• What you need to do: Where an entry holds an image, leave the image out; otherwise reproduce the entry exactly.

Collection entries

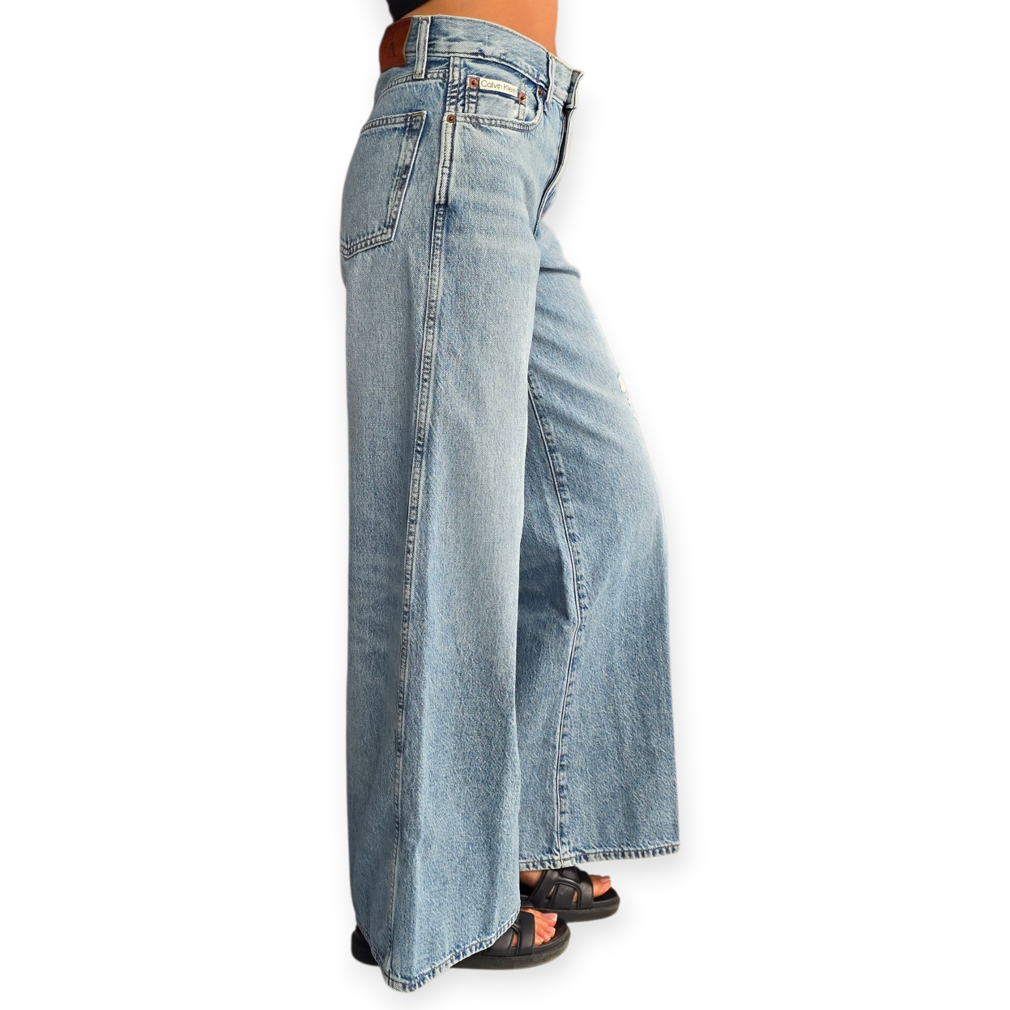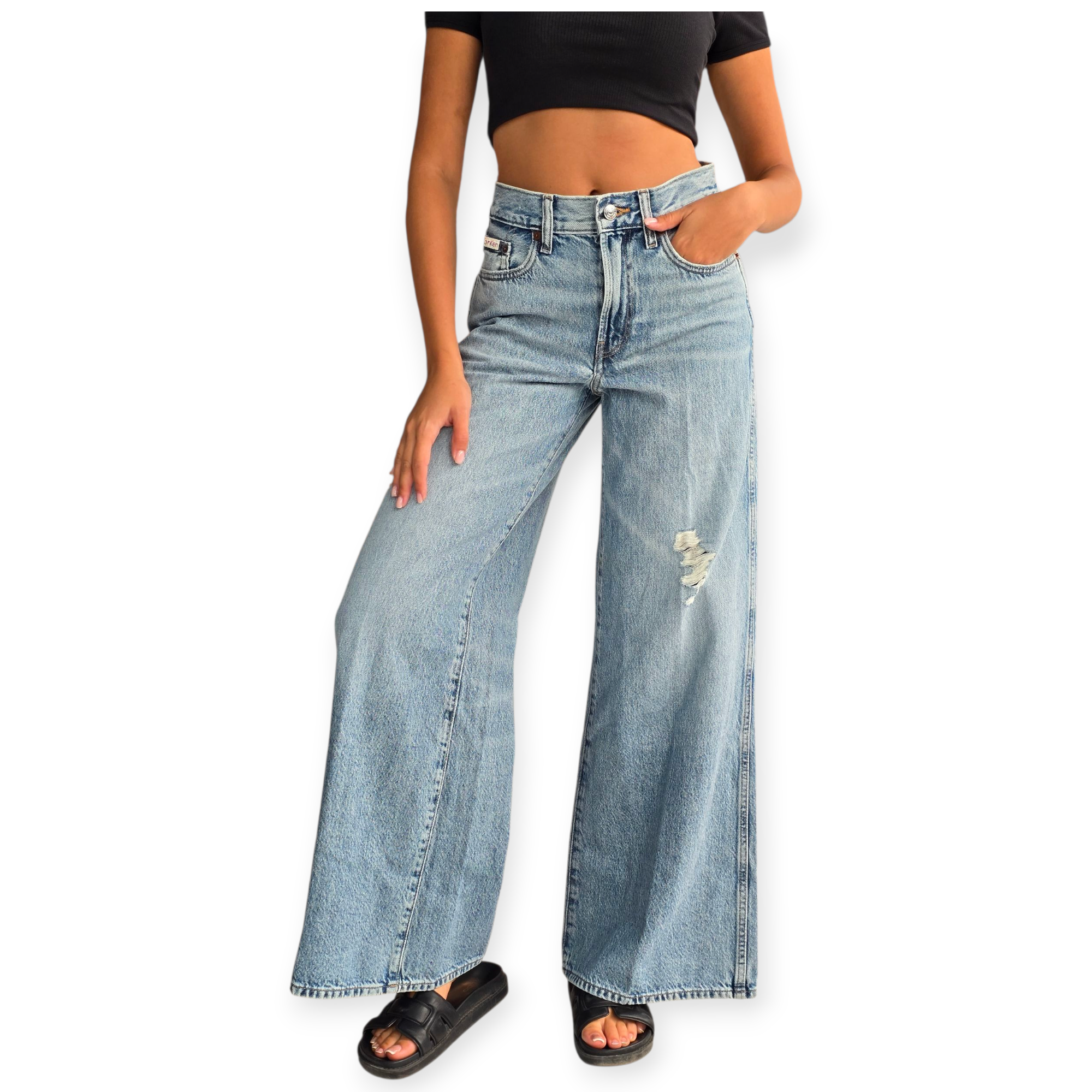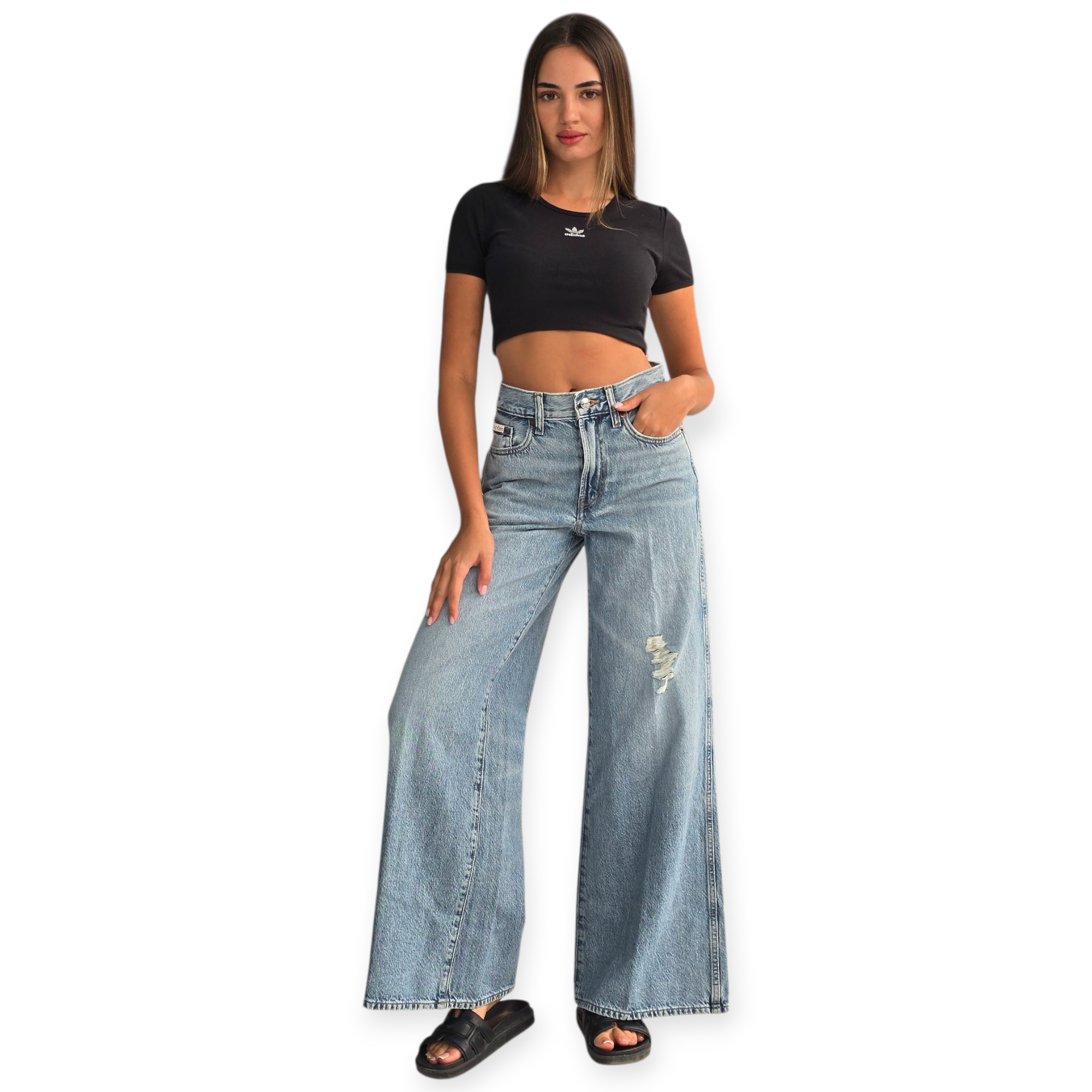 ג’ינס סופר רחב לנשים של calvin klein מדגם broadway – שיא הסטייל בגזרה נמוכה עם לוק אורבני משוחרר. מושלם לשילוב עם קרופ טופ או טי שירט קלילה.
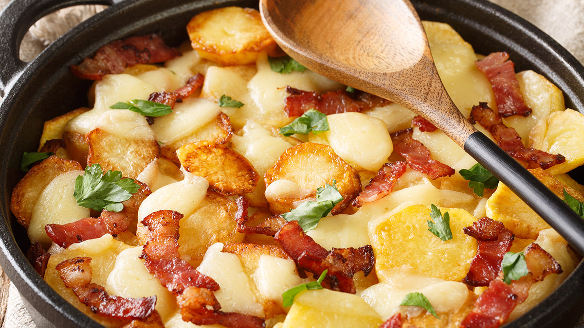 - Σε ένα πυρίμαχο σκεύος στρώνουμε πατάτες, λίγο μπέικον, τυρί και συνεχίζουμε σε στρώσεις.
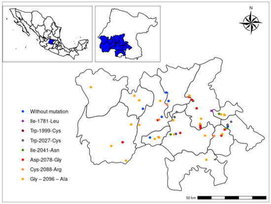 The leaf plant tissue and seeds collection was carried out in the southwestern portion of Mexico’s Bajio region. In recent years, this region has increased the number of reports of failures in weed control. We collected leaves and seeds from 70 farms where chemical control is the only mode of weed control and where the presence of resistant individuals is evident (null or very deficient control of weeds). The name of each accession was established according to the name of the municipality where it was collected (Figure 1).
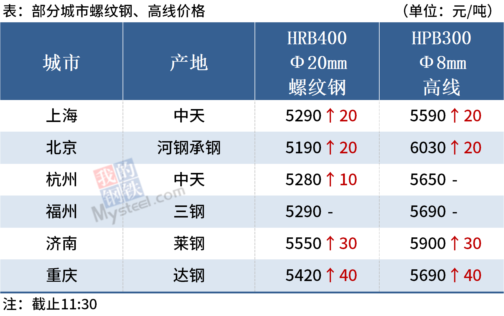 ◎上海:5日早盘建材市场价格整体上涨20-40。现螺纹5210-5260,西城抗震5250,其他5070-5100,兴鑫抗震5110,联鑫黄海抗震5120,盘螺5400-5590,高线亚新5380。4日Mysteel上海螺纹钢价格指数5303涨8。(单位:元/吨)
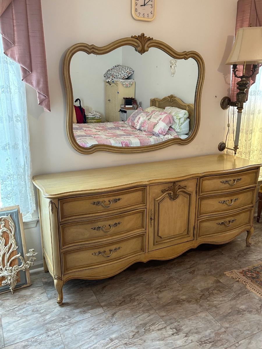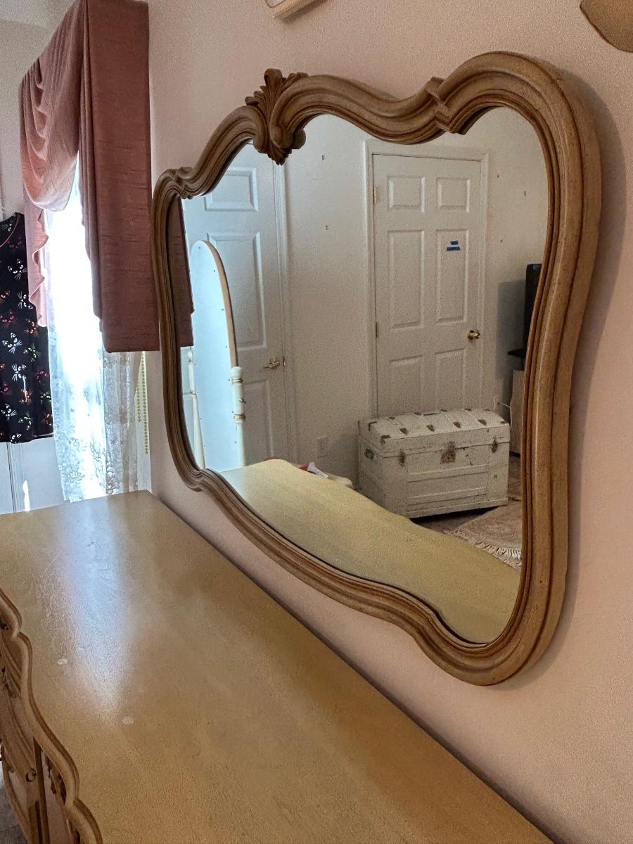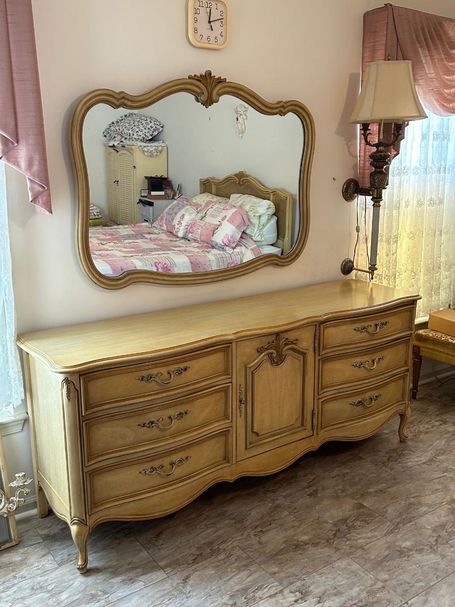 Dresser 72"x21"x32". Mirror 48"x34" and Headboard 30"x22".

• Solution:
 ג’ינס סופר רחב לנשים של calvin klein מדגם broadway – שיא הסטייל בגזרה נמוכה עם לוק אורבני משוחרר. מושלם לשילוב עם קרופ טופ או טי שירט קלילה.
 - Σε ένα πυρίμαχο σκεύος στρώνουμε πατάτες, λίγο μπέικον, τυρί και συνεχίζουμε σε στρώσεις.
 The leaf plant tissue and seeds collection was carried out in the southwestern portion of Mexico’s Bajio region. In recent years, this region has increased the number of reports of failures in weed control. We collected leaves and seeds from 70 farms where chemical control is the only mode of weed control and where the presence of resistant individuals is evident (null or very deficient control of weeds). The name of each accession was established according to the name of the municipality where it was collected (Figure 1).
 ◎上海:5日早盘建材市场价格整体上涨20-40。现螺纹5210-5260,西城抗震5250,其他5070-5100,兴鑫抗震5110,联鑫黄海抗震5120,盘螺5400-5590,高线亚新5380。4日Mysteel上海螺纹钢价格指数5303涨8。(单位:元/吨)
 Dresser 72"x21"x32". Mirror 48"x34" and Headboard 30"x22".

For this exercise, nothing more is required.